* Required action: Since the records include pictures, leave those out while you reproduce exactly and only the lines from the one containing "Terminamos nuestro repaso" through the one containing "The CTSBM003.2 Steering Wheel", inclusive.

* Records for processing:

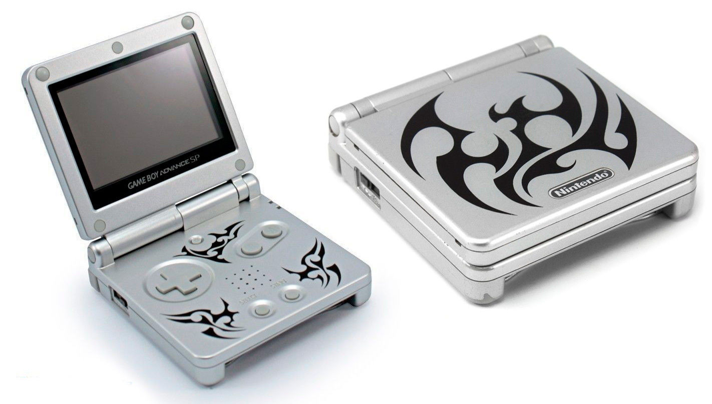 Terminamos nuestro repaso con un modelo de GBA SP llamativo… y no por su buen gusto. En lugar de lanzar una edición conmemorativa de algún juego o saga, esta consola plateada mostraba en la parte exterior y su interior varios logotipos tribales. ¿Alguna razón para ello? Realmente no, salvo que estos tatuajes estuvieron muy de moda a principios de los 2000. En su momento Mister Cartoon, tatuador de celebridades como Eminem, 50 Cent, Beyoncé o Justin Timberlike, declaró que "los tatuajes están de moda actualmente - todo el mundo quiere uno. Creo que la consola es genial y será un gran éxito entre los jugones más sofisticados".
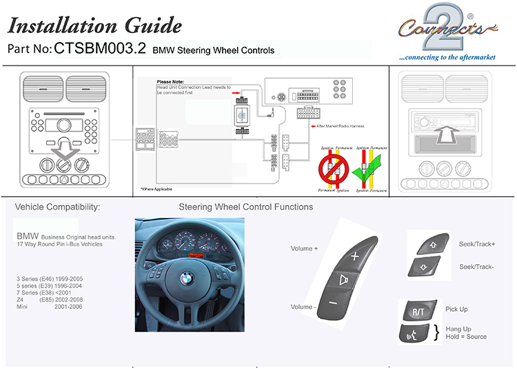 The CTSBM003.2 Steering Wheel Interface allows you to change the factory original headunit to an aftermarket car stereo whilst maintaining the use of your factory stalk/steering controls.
...
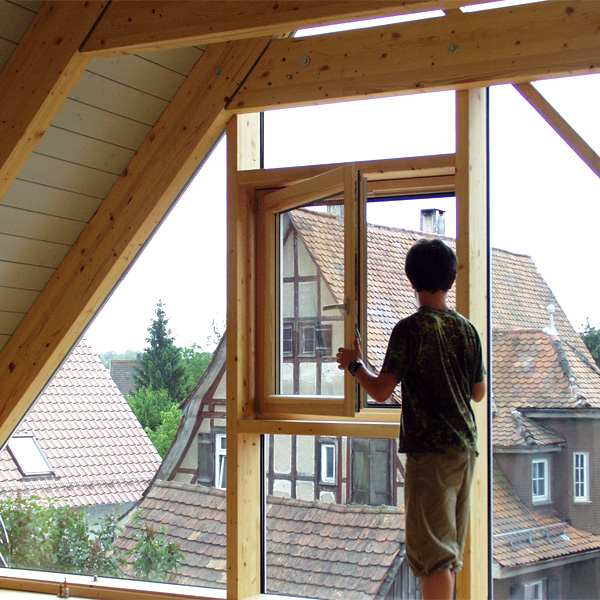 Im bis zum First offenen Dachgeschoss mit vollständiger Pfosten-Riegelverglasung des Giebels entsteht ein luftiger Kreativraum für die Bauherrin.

* Result of the task:
 Terminamos nuestro repaso con un modelo de GBA SP llamativo… y no por su buen gusto. En lugar de lanzar una edición conmemorativa de algún juego o saga, esta consola plateada mostraba en la parte exterior y su interior varios logotipos tribales. ¿Alguna razón para ello? Realmente no, salvo que estos tatuajes estuvieron muy de moda a principios de los 2000. En su momento Mister Cartoon, tatuador de celebridades como Eminem, 50 Cent, Beyoncé o Justin Timberlike, declaró que "los tatuajes están de moda actualmente - todo el mundo quiere uno. Creo que la consola es genial y será un gran éxito entre los jugones más sofisticados".
 The CTSBM003.2 Steering Wheel Interface allows you to change the factory original headunit to an aftermarket car stereo whilst maintaining the use of your factory stalk/steering controls.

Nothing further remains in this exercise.